IDK, probably? I'm just trying to say that iterative inference doesn't strictly mean decreasing likelihood.

I'm not a virologist or whoever designs these kinds of medical tests. I don't even know the right word to describe the profession lol. But the question is orthogonal to what's being discussed here. I'm only guessing "probably" because usually having a good example helps in experimental design. But then again, why wouldn't the original test that we're using have done that already? Wouldn't that be how you get that 95% accurate test?

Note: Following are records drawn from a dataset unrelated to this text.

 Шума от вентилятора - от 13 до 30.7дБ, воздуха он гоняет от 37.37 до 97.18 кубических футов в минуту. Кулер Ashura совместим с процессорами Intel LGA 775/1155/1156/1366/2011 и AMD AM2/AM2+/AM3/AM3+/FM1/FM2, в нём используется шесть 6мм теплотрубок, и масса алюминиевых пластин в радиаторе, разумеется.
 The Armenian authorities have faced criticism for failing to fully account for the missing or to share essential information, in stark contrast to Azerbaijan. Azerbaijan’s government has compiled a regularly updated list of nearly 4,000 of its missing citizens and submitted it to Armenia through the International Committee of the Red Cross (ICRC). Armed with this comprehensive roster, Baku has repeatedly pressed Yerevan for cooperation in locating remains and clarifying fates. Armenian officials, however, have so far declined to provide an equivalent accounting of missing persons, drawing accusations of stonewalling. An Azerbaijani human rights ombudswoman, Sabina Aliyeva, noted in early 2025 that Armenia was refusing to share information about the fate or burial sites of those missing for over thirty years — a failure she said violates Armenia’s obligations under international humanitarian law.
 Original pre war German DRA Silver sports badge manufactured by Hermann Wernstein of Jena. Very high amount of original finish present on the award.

I can't tell you the biology stuff, I can just answer math and ML stuff and even then only so much.

weard_beard 351 days ago

GPT6 would come faster but we ran out of Casandra blood.

ethbr1 351 days ago

The thought of a BIPM Reference Vampire made me chuckle.

tintor 351 days ago

Assuming your vampire tests are independent.

godelski 351 days ago

Correct. And there's a lot of other assumptions. I did make a specific note that it was a simplified and illustrative example. And yes, in the real world I'd warn about being careful when making i.i.d. assumptions, since these assumptions are made far more than people realize.

to11mtm 352 days ago

I like this analogy.

I think of a bike's shifting systems; better shifters, better housings, better derailleur, or better chainrings/cogs can each 'improve' things.

I suppose where that becomes relevant to here, is that you can have very fancy parts on various ends but if there's a piece in the middle that's wrong you're still gonna get shit results.

dylan604 352 days ago

You only as strong as the weakest link.

Your SCSI devices are only as fast as the slowest device in the chain.

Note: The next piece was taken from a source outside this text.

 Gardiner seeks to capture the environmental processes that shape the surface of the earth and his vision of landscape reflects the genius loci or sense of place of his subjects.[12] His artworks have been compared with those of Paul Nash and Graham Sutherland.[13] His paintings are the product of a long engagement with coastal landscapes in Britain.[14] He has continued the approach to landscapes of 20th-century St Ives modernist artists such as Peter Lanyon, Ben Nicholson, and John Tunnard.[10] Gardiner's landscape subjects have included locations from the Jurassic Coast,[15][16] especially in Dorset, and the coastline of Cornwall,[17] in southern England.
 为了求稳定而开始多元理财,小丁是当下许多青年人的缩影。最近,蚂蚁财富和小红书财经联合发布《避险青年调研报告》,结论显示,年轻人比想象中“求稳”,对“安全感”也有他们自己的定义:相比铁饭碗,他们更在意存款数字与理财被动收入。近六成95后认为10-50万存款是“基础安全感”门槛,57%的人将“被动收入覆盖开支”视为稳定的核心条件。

I don't need to be faster than the bear, I only have to be faster than you.

jandrese 351 days ago

> Your SCSI devices are only as fast as the slowest device in the chain.

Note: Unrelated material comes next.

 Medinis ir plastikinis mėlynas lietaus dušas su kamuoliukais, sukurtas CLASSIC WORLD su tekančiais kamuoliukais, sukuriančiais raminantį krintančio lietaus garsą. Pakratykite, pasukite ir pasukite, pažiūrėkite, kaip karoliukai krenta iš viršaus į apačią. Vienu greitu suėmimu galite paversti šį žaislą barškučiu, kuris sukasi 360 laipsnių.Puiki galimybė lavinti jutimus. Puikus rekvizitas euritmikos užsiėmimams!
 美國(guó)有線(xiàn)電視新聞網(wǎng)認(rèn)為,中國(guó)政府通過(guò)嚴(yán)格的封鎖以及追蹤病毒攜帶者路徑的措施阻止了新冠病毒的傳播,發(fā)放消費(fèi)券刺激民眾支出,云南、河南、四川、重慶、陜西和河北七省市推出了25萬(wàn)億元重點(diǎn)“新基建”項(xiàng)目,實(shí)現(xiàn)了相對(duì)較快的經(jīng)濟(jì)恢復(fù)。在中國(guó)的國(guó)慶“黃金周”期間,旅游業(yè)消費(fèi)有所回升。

There are not many forums where you would see this analogy.

guerrilla 352 days ago

This is what I hate about real life electronics. Everything is nice on paper, but physics sucks.

godelski 352 days ago

  > Everything is nice on paper

I think the reason this is true is mostly because how people do things "on paper". We can get much more accurate with "on paper" modeling, but the amount of work increases very fast. So it tends to be much easier to just calculate things as if they are spherical chickens in a vacuum and account for error than it is to calculate including things like geometry, drag, resistance, and all that other fun jazz (which you still will also need to account for error/uncertainty though this now can be smaller).

Which I think at the end of the day the important lesson is more how simple explanations can be good approximations that get us most of the way there but the details and nuances shouldn't be so easily dismissed. With this framing we can choose how we pick our battles. Is it cheaper/easier/faster to run a very accurate sim or cheaper/easier/faster to iterate in physical space?